In fact, he compared his hatred of the Duchess of Sussex to that of serial killer Rose West. 

"At night, I'm unable to sleep as I lie there, grinding my teeth and dreaming of the day when she [Meghan] is made to parade naked through the streets of every town in Britain while the crowds chant 'Shame!' and throw lumps of excrement at her," he wrote. 

"Everyone who's my age thinks the same way.

"But what makes me despair is that younger people, especially girls, think she's pretty cool.

"They think she was a prisoner of Buckingham Palace, forced to talk about nothing but embroidery and kittens."

And then came the apologies ... 

It is fair to say many members of the British public were not having a bar of Clarkson's column, with a record 25,000 complaints made to Britain's Independent Press Standards Organisation (IPSO)

Three days after the column was published, Clarkson took to Twitter to make his first apology.

Even Clarkson's daughter Emily distanced herself, saying on Instagram: "I stand against everything that my dad wrote."

With public outrage mounting, The Sun removed the column from its website. 

The newspaper said it regretted publishing the column and was "sincerely sorry", but it did little for Harry and Meghan, who branded the apology a "PR stunt".

But it wasn't just the public and the royal couple speaking out — the column had also united members of parliament. 

More than 60 politicians from all sides signed a letter to The Sun's editor condemning the choice to publish "violent misogynistic language", and called for action to ensure "no article like this is ever published again".  

Fast forward several weeks to this Monday, Clarkson apologised again, this time on Instagram.

In a lengthy post, he said he revisited the article after it was published and "couldn't believe" what he read.

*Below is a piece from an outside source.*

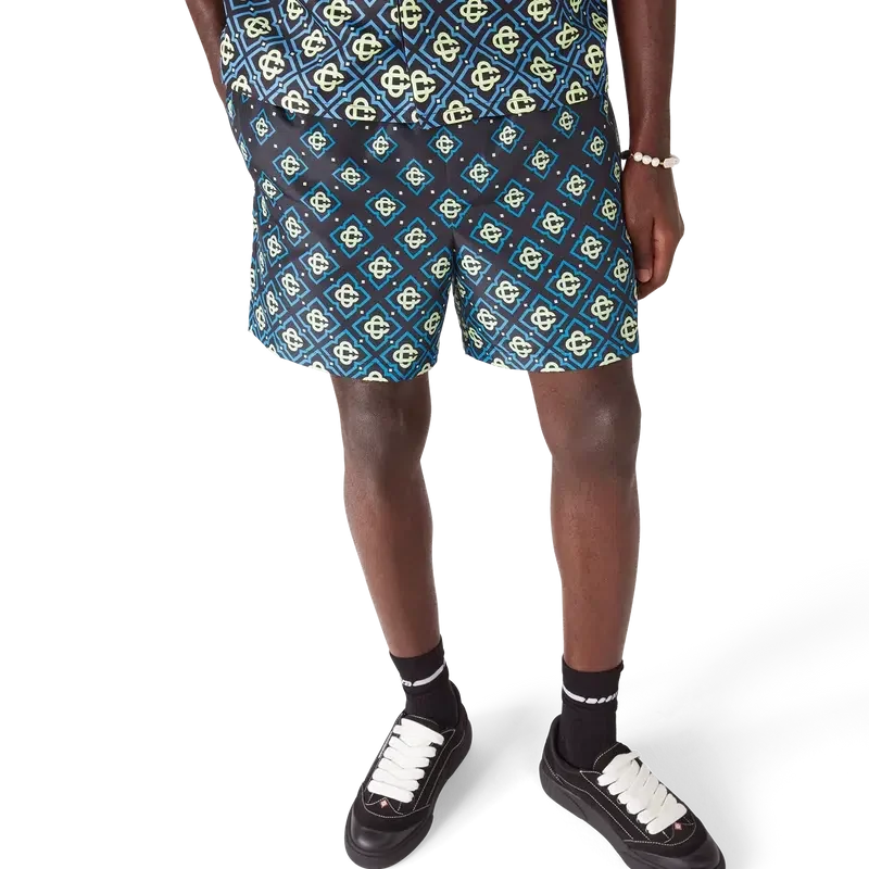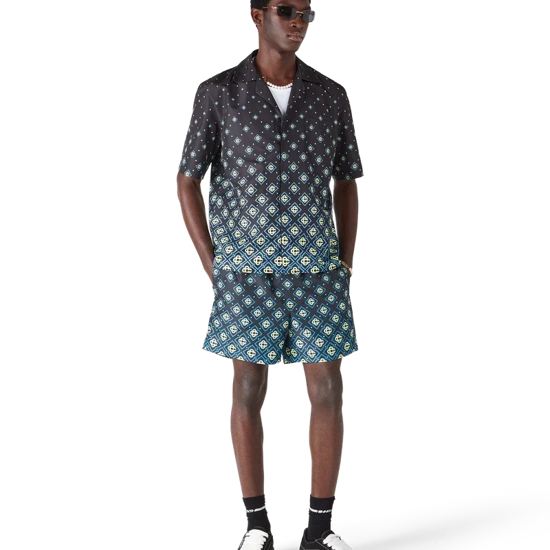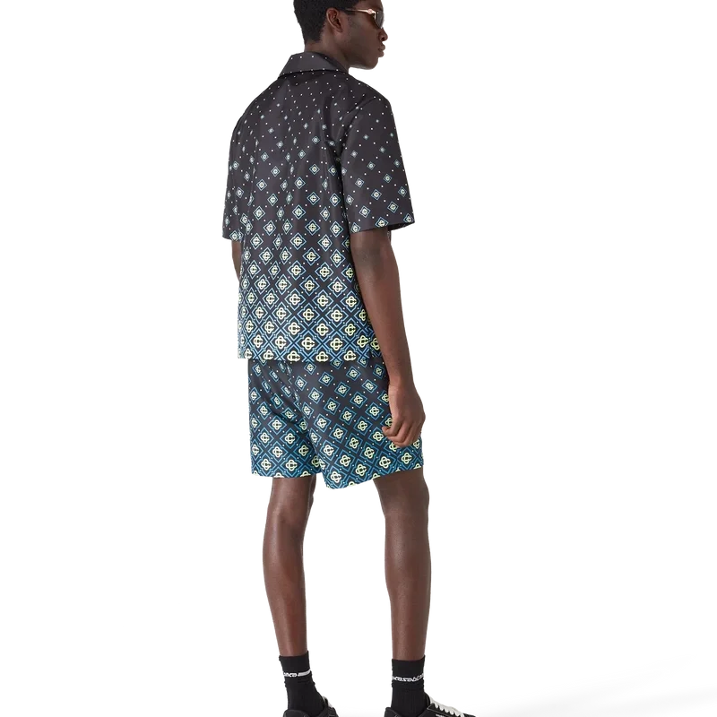 I pantaloncini da bagno con stampa Monogram nero sfumato presentano un raffinato design tecnico caratterizzato dalla stampa Monogram della Maison. Sono rifiniti con elastico in vita, tasche laterali, tessuto tecnico da bagno e dettagli sofisticati che incarnano l’approccio raffinato del marchio ai costumi da bagno.

He said he emailed Harry and Meghan on Christmas Day to apologise.

Clarkson said he was not sure if he could move on, noting it was "hard to be interesting and vigilant at the same time", but would try. 

But the apology did not go far enough for the duke and duchess. 

Hours later, a spokesman for Harry and Meghan said it was clear the column was not an "isolated incident".

Sorry not enough for some 

A commitment from The Sun to shifting its coverage and ethical standards would be a true apology. 

That's according to a spokesman for Harry and Meghan, who said they were "not holding our breath".

"While the public absolutely deserves the publication’s regrets for their dangerous comments, we wouldn’t be in this situation if The Sun did not continue to profit off of and exploit hate, violence and misogyny," the spokesman said. 

In an interview aired on January 8, sandwiched between Clarkson's first and second apologies, Harry called the former Top Gear host's words "hurtful" and "cruel".

"It also encourages other people around the UK and around the world, men particularly, to go and think that it's acceptable to treat women that way," Harry said, in the ITV interview ahead of the release of his autobiography Spare. 

After the second apology a spokesperson for Harry and Meghan said one issue had not been addressed. 

"What remains to be addressed is his long-standing pattern of writing articles that spread hate rhetoric, dangerous conspiracy theories, and misogyny," the spokesperson said.

"Unless each of his other pieces were also written 'in a hurry', as he states, it is clear that this is not an isolated incident shared in haste, but rather a series of articles shared in hate."

Clarkson is facing fallout from the column, with Variety reporting that Amazon Prime Video will not be working with Clarkson beyond the seasons of The Grand Tour and Clarkson's Farm that have already been commissioned.

Clarkson also presents Who Wants to Be a Millionaire? on ITV.